W technologii w ogóle nie rozumieją, jak działa i jak sobie z nią poradzić. Co jakiś czas proszą nas o naprawienie lub skonfigurowanie czegoś dla nich. Ale kiedy idą do sklepu po nowy sprzęt, nie pytają, który jest lepszy i co warto kupić. Kiedy wypytują nas, co dokładnie przynieść dzieciom w prezencie, wciąż przychodzą z czymś innym i mówią, że uznali to za znacznie bardziej poprawne. Dlaczego więc zapytałeś? Mówiłam im sto razy, że już kupili lub podarowali nam to czy tamto ubranie, ale wciąż przywożą to samo.

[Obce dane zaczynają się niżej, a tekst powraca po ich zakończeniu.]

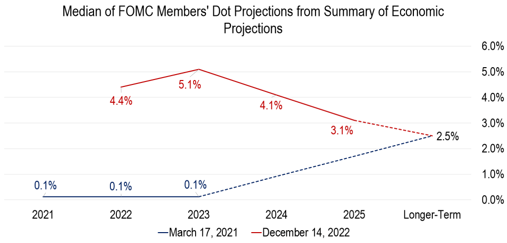 Instead, the Federal Funds target rate has been lifted by 4.25% in 2022. FOMC participants believe they’ll need to raise it above 5% next year.

Często bywa tak, że dzwonią na telefon tylko po to, aby poinformować nas, że stoją pod drzwiami klatki schodowej i proszą o wpuszczenie, bo domofon nie chce zadziałać. Robią to nagminnie i denerwuje mnie to, gdyż nie zawsze mam ochotę, możliwość i czas na przyjmowanie gości! Sprawili, że zaczęliśmy się ukrywać we własnym domu!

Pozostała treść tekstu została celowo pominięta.